Use scroll API in schema version search migration helper
What does this MR do and why?
This code improves how a search system migrates data by adding a new "scroll API" method alongside the existing search method.
The scroll API is better for processing large amounts of data because it maintains a cursor position, allowing the system to efficiently page through results without missing or duplicating records. The system automatically chooses which method to use - it uses scroll API when there are many documents to process or when continuing an existing scroll session, otherwise it uses the regular search method.
The changes also improve error handling by properly cleaning up scroll sessions when they're no longer needed, and add better logging to track migration progress. The code was refactored to make it more modular - separating the logic for handling different types of searches into distinct methods.

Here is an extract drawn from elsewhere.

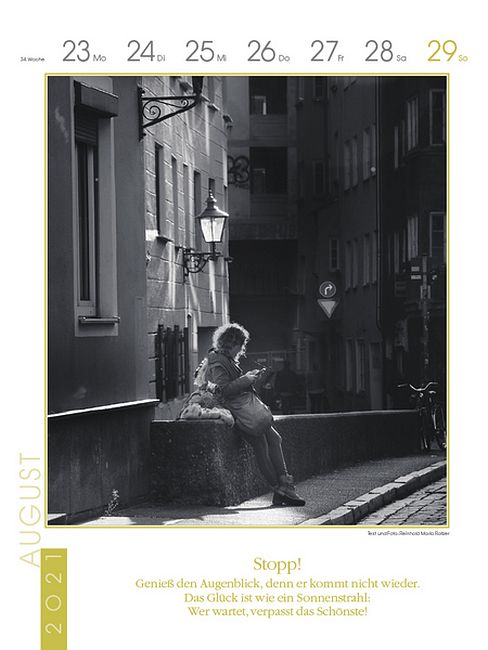 Wir sind, genau betrachtet, in vielen Phasen unseres Lebens Wartende. Doch worauf warten wir eigentlich? Allzu oft ist es das Unerfüllbare. Ein Kalender mit stimmungsvollen Fotos und anregenden Texten von Reinhold Maria Ratzer gibt Woche für Woche für ein ganzes Jahr Fingerzeige und Anregungen, das Warten in Erkenntnis zu verwandeln und ein ganz klein wenig sinnvoller zu leben. Denn jetzt und hier findet das Leben statt, genießen wir es also. Wir sind durchaus in der Lage, Illusion durch Erfüllung zu ersetzen, wenn wir uns positiv einstimmen und Nektar aus den kleinen Dingen, den hellen Stunden und der Schönheit der Welt saugen.

Additionally, some technical debt was cleaned up by standardizing how the system identifies the primary key field for different document types, making the code more maintainable and consistent across different data models.
References
Screenshots or screen recordings
| Before | After |
|---|---|
How to set up and validate locally
- setup elasticsearch in gdk
- i created a fake migration to test this and also have about 16,000 projects in my index
- i changed the queue threshold and project index
SCHEMA_VERSIONto force it to use the scroll api - you can verify that the scroll api is being used by running the migration worker and checking the migration state in the index
- in rails console, kick off the migration worker
Elastic::MigrationWorker.new.perform - verify in migration index
curl --request GET --url http://localhost:9200/gitlab-development-migrations/_doc/20250724114546
migration to test it out
add as ee/elastic/migrate/20250724114546_backfill_projects_index_test.rb
# frozen_string_literal: true
class BackfillProjectsIndexTest < Elastic::Migration
include ::Search::Elastic::MigrationReindexBasedOnSchemaVersion
batched!
batch_size 5000
throttle_delay 1.minute
DOCUMENT_TYPE = Project
NEW_SCHEMA_VERSION = 25_30
end
diff
diff --git a/ee/app/workers/concerns/search/elastic/migration_reindex_based_on_schema_version.rb b/ee/app/workers/concerns/search/elastic/migration_reindex_based_on_schema_version.rb
index 1aae0402e768..565b52331d98 100644
--- a/ee/app/workers/concerns/search/elastic/migration_reindex_based_on_schema_version.rb
+++ b/ee/app/workers/concerns/search/elastic/migration_reindex_based_on_schema_version.rb
@@ -9,8 +9,8 @@ module MigrationReindexBasedOnSchemaVersion
include Search::Elastic::IndexName
UPDATE_BATCH_SIZE = 100
- QUEUE_THRESHOLD = 50_000
- SCROLL_TIMEOUT = '5m'
+ QUEUE_THRESHOLD = 10000
+ SCROLL_TIMEOUT = '1m'
def migrate
if completed?
diff --git a/ee/lib/elastic/latest/project_instance_proxy.rb b/ee/lib/elastic/latest/project_instance_proxy.rb
index 1bc3f770b693..c1498bba1164 100644
--- a/ee/lib/elastic/latest/project_instance_proxy.rb
+++ b/ee/lib/elastic/latest/project_instance_proxy.rb
@@ -5,7 +5,7 @@ module Latest
class ProjectInstanceProxy < ApplicationInstanceProxy
extend ::Gitlab::Utils::Override
- SCHEMA_VERSION = 25_06
+ SCHEMA_VERSION = 25_30
TRACKED_FEATURE_SETTINGS = %w[
issues_access_level
MR acceptance checklist
Evaluate this MR against the MR acceptance checklist. It helps you analyze changes to reduce risks in quality, performance, reliability, security, and maintainability.